Mementoes of 1916 Rising in prisoner’s autograph books
These books were signed and inscribed and drawn upon by fellow prisoners.
A 1916-17 prison autograph book from Reading Gaol with contributions from Seán T O’Kelly, Tomás MacCurtain, Arthur Griffith, Eamon de Valera, Eoin MacNeill and others is estimated at €3,000-€5,000.

De Valera’s prison autograph book from Dartmoor, 1917 carries the same estimate (pictured above).
Each of the 30 pages is ruled into four sections with the name, address, prisoner number and sentence filled out by each inmate. To some of these de Valera has added a code, LX or DX. Among the entries are Eoin MacNeill, Piaras Béaslaí and Count Plunkett.
An autograph album with 60 signatures (pictured below), including Michael Collins, W T Cosgrave, Thomas Ashe, Harry Boland, Eamon de Valera, Countess Markievicz, Arthur Griffith, Kathleen Clarke, Mrs Eamon Ceannt, Austin Stack and Madame O’Rahilly is estimated at €2,000-€3,000.

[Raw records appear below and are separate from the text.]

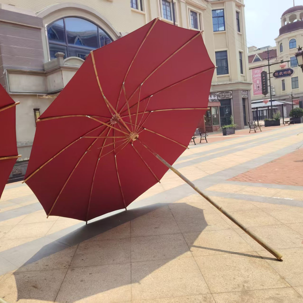 맞춤형 중국 스타일 야외 레저 캠핑 대나무 목재 프레임 안뜰 우산 토나시 오일 천 우산 복고풍 우산 소품 우산 고대 스타일 우산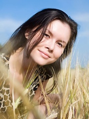 New model Bernie strips in the wheat field as she bares her delectable body.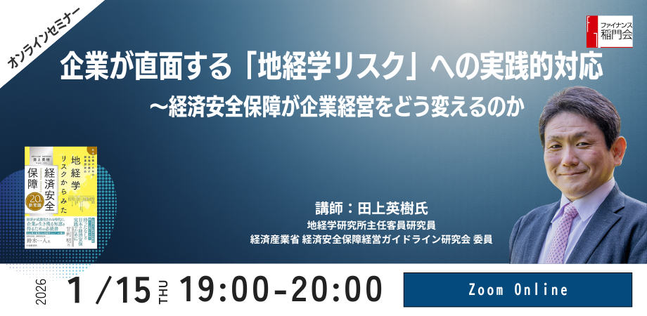 ファイナンス稲門会:「オンラインセミナー企業が直面する『地経学リスク』への実践的対応 経済安全保障が企業経営をどう変えるのか」1/26(月)開催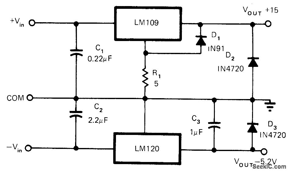 Output voltages are equal to preset values of regulator ICs in basic arrangement shown. R1 and D1 ensure startup of LM109 when common load exists across sup-plies. D1 should be germanium or Schottky hav-ing forward voltage drop of 0.4V or less at 50 mA. D2 and D3 protect against polarity reversal of output during overloads.-C. T. Nelson, Power Distribution and Regulation Can Be Simple, Cheap and Rugged, EDNMagazine, Feb, 20, 1973, p 52-58.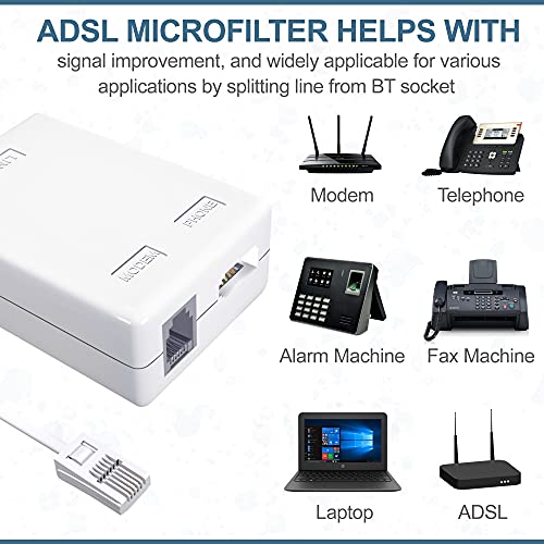 ASNQ ADSL Filter – Microfilter for Phone/Broadband BT Plug to RJ11 Connector – Broadband Filter for BT Sky Talktalk – BT Microfilter for Modem Telephone Fax – Internet and Telephone Splitter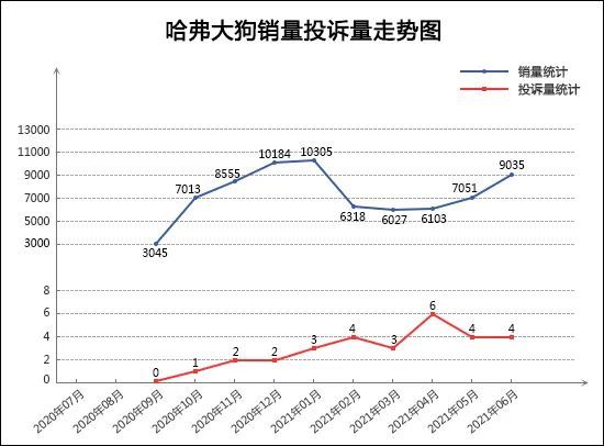 作为哈弗旗下的全新车型,哈弗大狗不仅在产品力方面表现出众,同时也凭借亲切的名字引领了一个新的车型命名潮流。从其近一年来的销量投诉量走势来看,在经历了上市后销量快速攀升后,哈弗大狗的销量走势进入盘整回升阶段,走势相对更为平稳。6月份,哈弗大狗的销量达到了近五个月来的最高点,为其下半年的销量表现开了个好头。值得肯定的是,在销量稳步走高的同时,哈弗大狗的月投诉量始终保持在个位数水平,短期内的质量口碑表现出色。整体来看,哈弗大狗已形成强劲的上升势能,未来销量将进一步走高,再次破万已为时不远。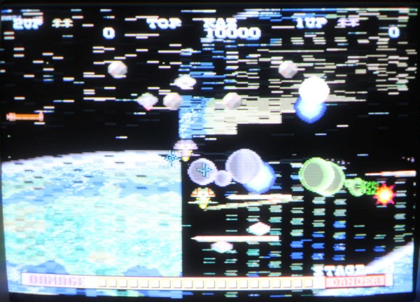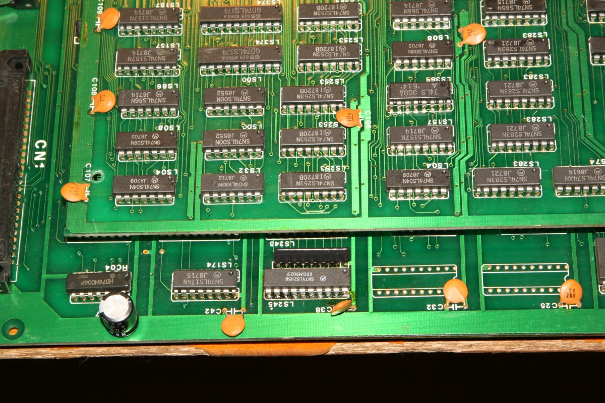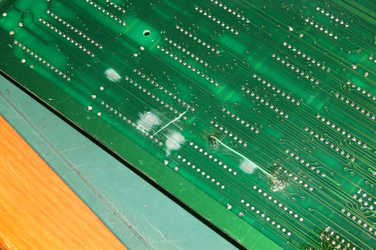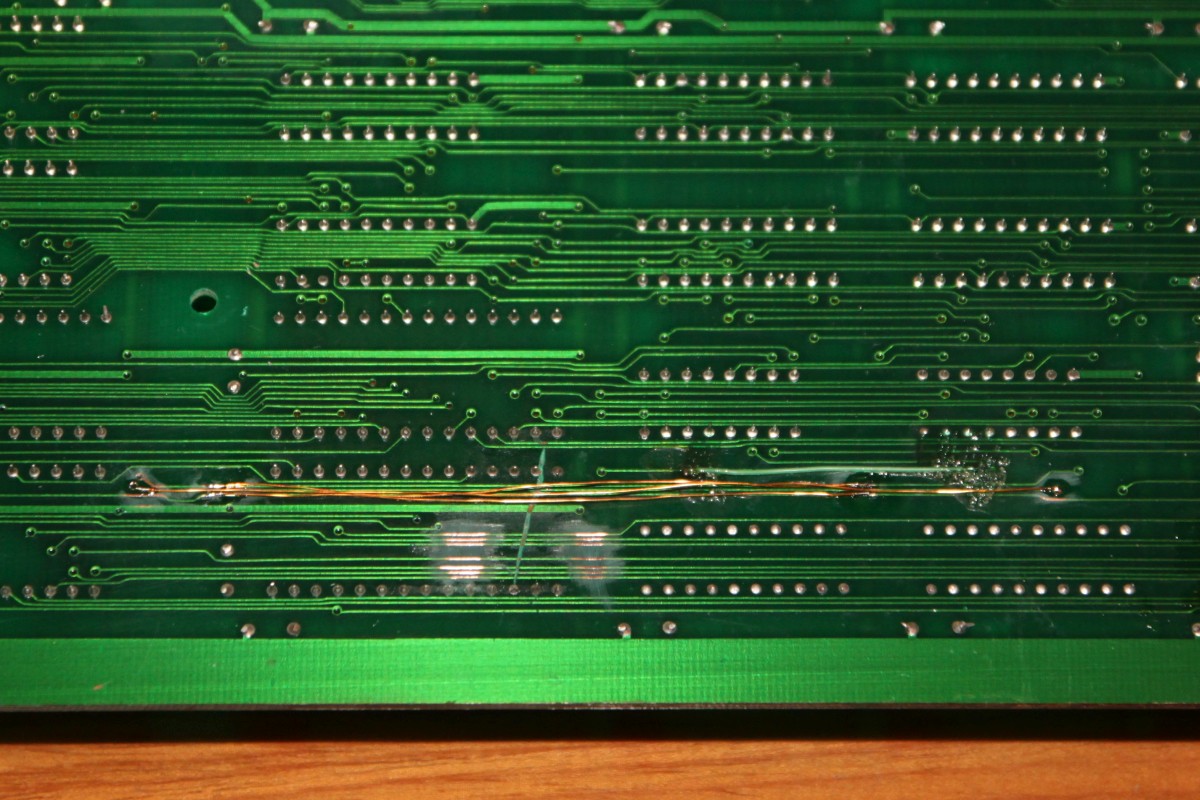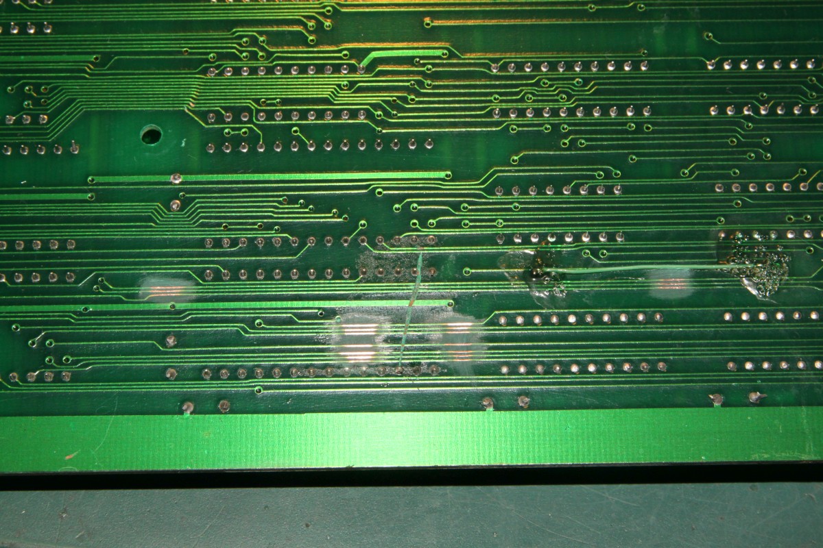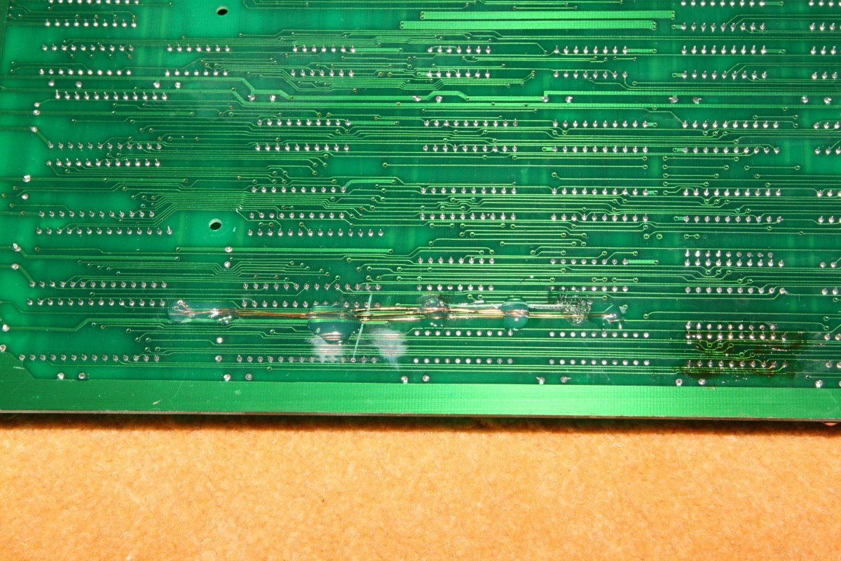 {Fehlerbeschreibung} S.D.I. - ein sauber gearbeitetes Bootleg eines SEGA System 16A Systems... Eingeliefert mit massiven Grafikfehlern. {Screenshots} Sprites funktionieren, Textlayer geht auch - aber die Tiles sind korrupt: {Fehlersuche} Die Fehlersuche ergab korrupte Datenleitungen am Tile-ROM, welches sich übrigens weit weg von den Tile-GFX-EPROMs befindet... Präventiv hab ich mal einen bidirektionalen Buffer getauscht, was aber nichts gebracht hat... {Reparatur} Dann fiel mir auf der Unterseite der PCB ein massiver Kratzer auf und ich nahm den Glasfaserstift zur Hilfe, um den Durchgang der Leiterbahnen zu prüfen: alle drei durch... Dann mit ruhiger Hand Fädeldraht gelötet... Und mit Heißkleber fixiert: {Erfolg!} Schon klappt es wieder mit den Tiles... Manchmal sollte man sich auf die einfachen Dinge konzentrieren. ;-) |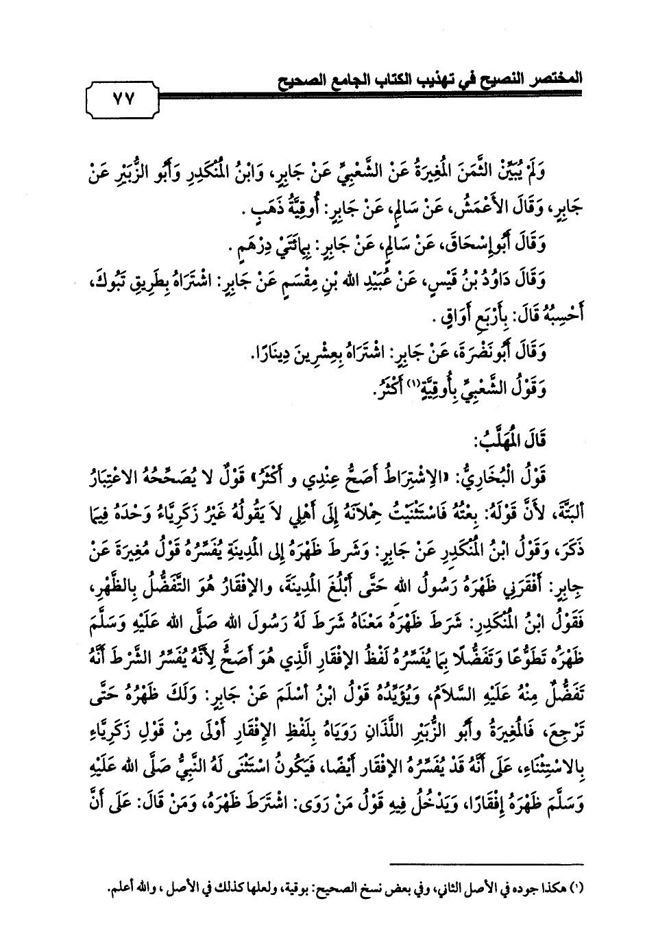 قَوْلُ الْبُخَارِيُّ: «الِاشْتِرَاطُ أَصَحُّ عِنْدِي وأَكْثَرُ» قَوْلٌ لا يُصَحِّحُهُ الاعْتِبَارُ ألبَتَّةَ، لأَنَّ قَوْلَهُ: بِعْتُهُ فَاسْتَثْنَيْتُ حِمْلاَنَهُ إِلَى أَهْلِي لاَ يَقُولُهُ غَيْرُ زَكَرِيَّاءُ وَحْدَهُ فِيمَا ذَكَرَ، وَقَوْلُ ابْنُ الْمُنْكَدِِرِ عَنْ جَابِرٍ: وَشَرطَ ظَهْرَهُ إِلى الْمَدِينَةِ يُفَسِّرُهُ قَوْلُ مُغِيرَةَ عَنْ جِابِرٍ: أَفْقَرَنِي ظَهْرَهُ رَسُولُ اللهِ حَتَّى أَبْلُغَ الْمَدِينَةَ، والإفْقَارُ هُوَ التَّفَضُّلُ بِالظَّهْرِ، فَقَوْلُ ابْنُ الْمُنْكَدِرِ: شَرَطَ ظَهْرَهُ مَعْنَاهُ شَرَطَ لَهُ رَسُولَ اللهِ صَلَّى الله عَلَيْهِ وَسَلَّمَ ظَهْرَُه تَطَوُّعًا وَتَفَضُّلًا بِمَا يُفَسِّرُهُ لَفْظُ الإفْقَارِ الَّذِي هُوَ أَصَحُّ لِأَنَّهُ يُفَسِّرُ الشَّرْطَ أَنَّهُ تَفَضُّلٌ مِنْهُ عَلَيْهِ السَّلاَمُ، وَيُؤَيِّدُهُ قَوْلُ ابْنُ أسْلَمَ عَنْ جَابِرٍ: وَلَكَ ظَهْرُهُ حَتَّى تَرْجِعَ، فَالْمُغِيرَةُ وأَبُو الزُّبَيْرِ اللَّذَانِ رَوَيَاهُ بِلَفْظِ الإِفْقَارِ أَوْلَى مِنْ قَوْلِ زَكَرِيَّاءِ بِالاسْتِثْنَاءِ، عَلَى أَنَّهُ قَدْ يُفَسِّرُهُ الإفْقَار أَيْضًا، فَيَكُونُ اسْتَثْنَى لَهُ النَّبِيُّ صَلَّى الله عَلَيْهِ وَسَلَّمَ ظَهْرَهُ إِفْقَارًا، وَيَدْخُلُ فِيهِ قَوْلُ مَنْ رَوَى: اشْتَرَطَ ظَهْرَهُ، وَمَنْ قَالَ: عَلَى أَنَّ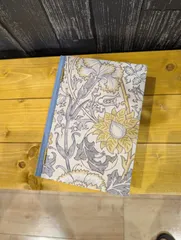 本型小物入れ 今日のワークショップは2本同時並行。こちらは本型小物入れです。前回違う壁紙でやってみて、揃えたいと思い、お願いして同時並行で行いました。前回の壁紙が青系だったので、今回は白系にしました。で、ちらっと見える色に新色のブルーのパリジャンブルーにしました。塗料との取り合わせもうまくいき、完成に満足です。今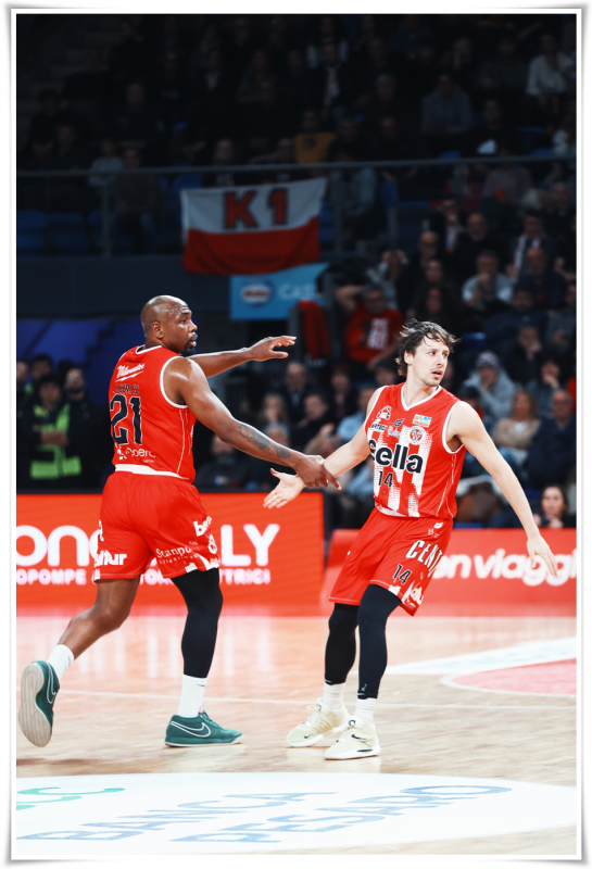 La partita diventa una vera e propria battaglia salvezza, con entrambe le squadre pronte a dare tutto. A 3’ dalla fine Tiberti segna il +2 su assist di Devoe, poi in difesa subisce uno sfondamento da Stephens. Aradori inventa un canestro difficilissimo da dietro al tabellone, ma ancora Tiberti riporta il punteggio in parità a 2’ dalla sirena.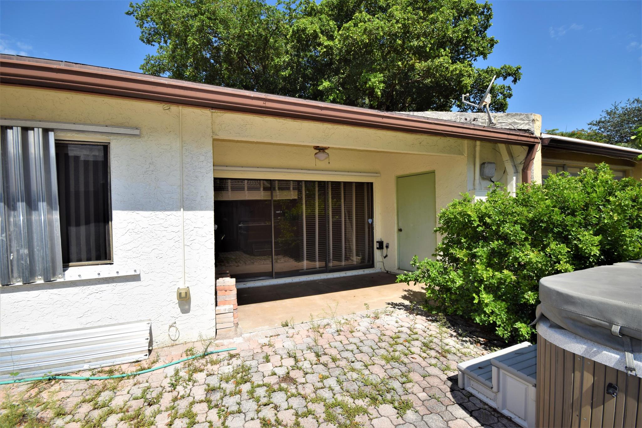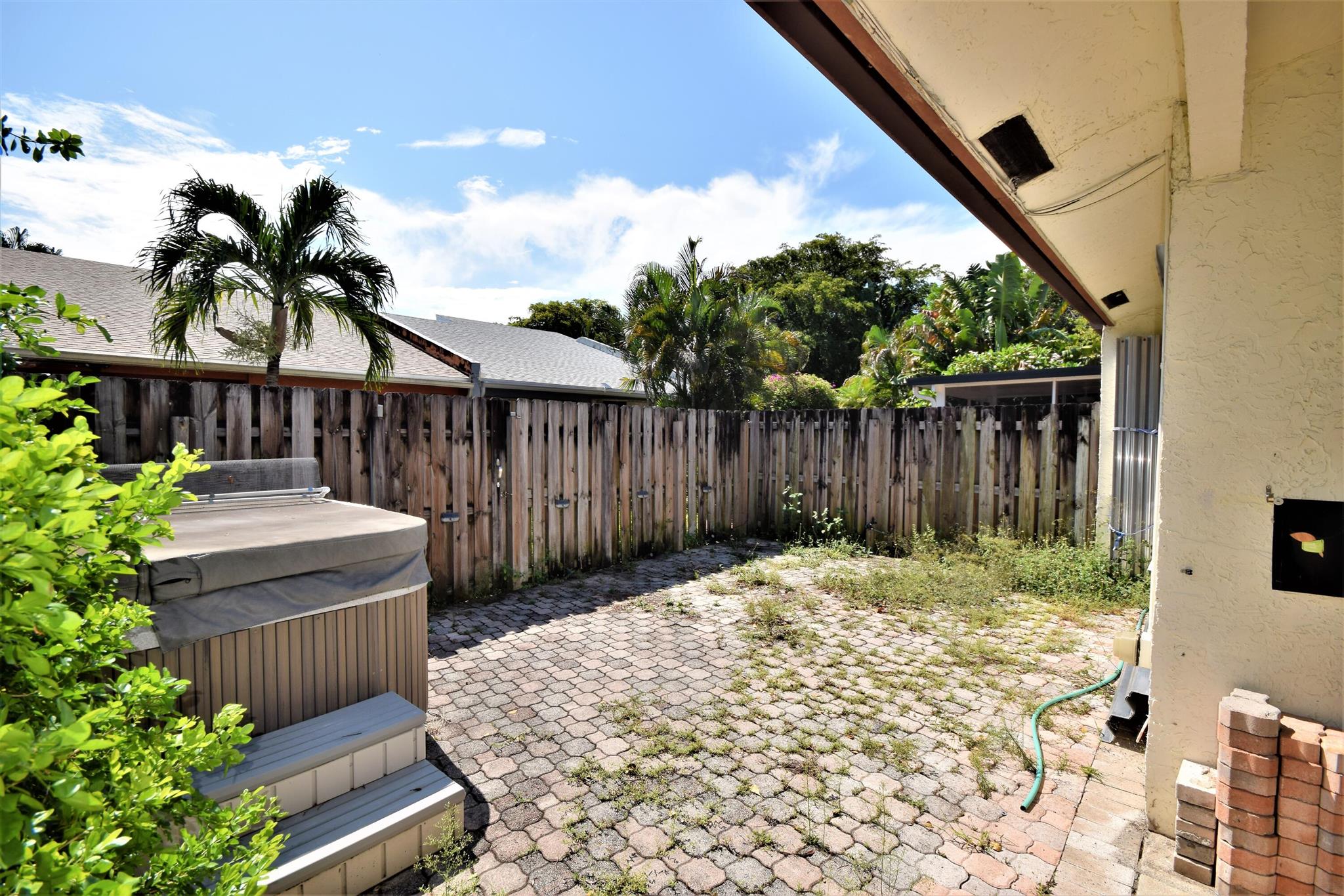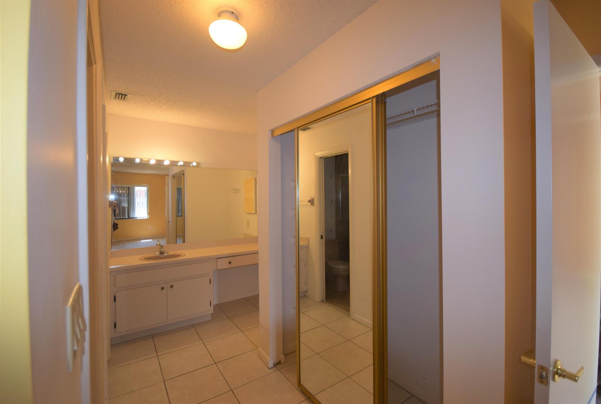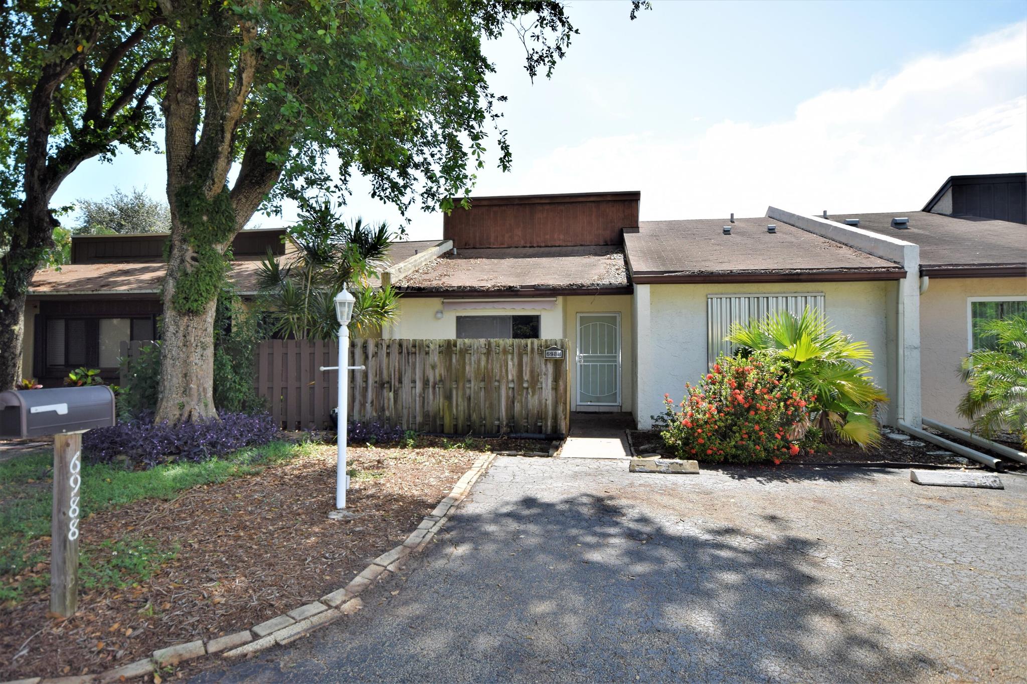 Welcome to this Two Bedroom Two Bath single story villa located in all ages community of Palm Aire Village. This villa features a charming front courtyard with sliders from the kitchen providing a cozy and intimate outdoor space to relax and entertain. Inside the villa features a split bedroom floor plan, tile throughout the living areas, newer kitchen appliances and a vaulted ceiling. The bedrooms are both carpeted and Master Bedroom features an en suite bathroom and walk in closet. The oversized utility room has a washer and dryer and room for storage. The fully fenced backyard area features a covered patio and a large open patio with pavers. This property presents a fantastic opportunity to buyers looking for a renovation project. No HOA and pet-friendly!

There is more than 100 lots devoted to The Rising in a sale of 500 items ranging in date from 1000 BC to 2000 AD.
An original copy of The Proclamation is, at €250,000-€350,000, the most expensively estimated lot.
Curiousities include the horsehair full bottomed judge’s wig (pictured below) made for Irish County Court Judge John William Hynes, estimated at €800-€1,000.

He was junior to Lord Chief Justice O’Brien who earned the nickname “Peter the Packer” for his policy of ensuring that juries were always pro-government in any trial of a remotely political nature.
Hynes, who became County Court Judge in Cork in 1916 was a noted cricketer who stills holds the record for the highest scores made by a university batsman in a First XI fixture with 241 runs for Dublin University against the Dublin Garrison XI.
The sale is on view at Whyte’s on Molesworth St, Dublin from 10am to 5pm today.
The venue for tomorrow’s sale is Freemason’s Hall on Molesworth Street.
Whyte’s say it it the largest and most important auction of memorabilia relating to the Rising.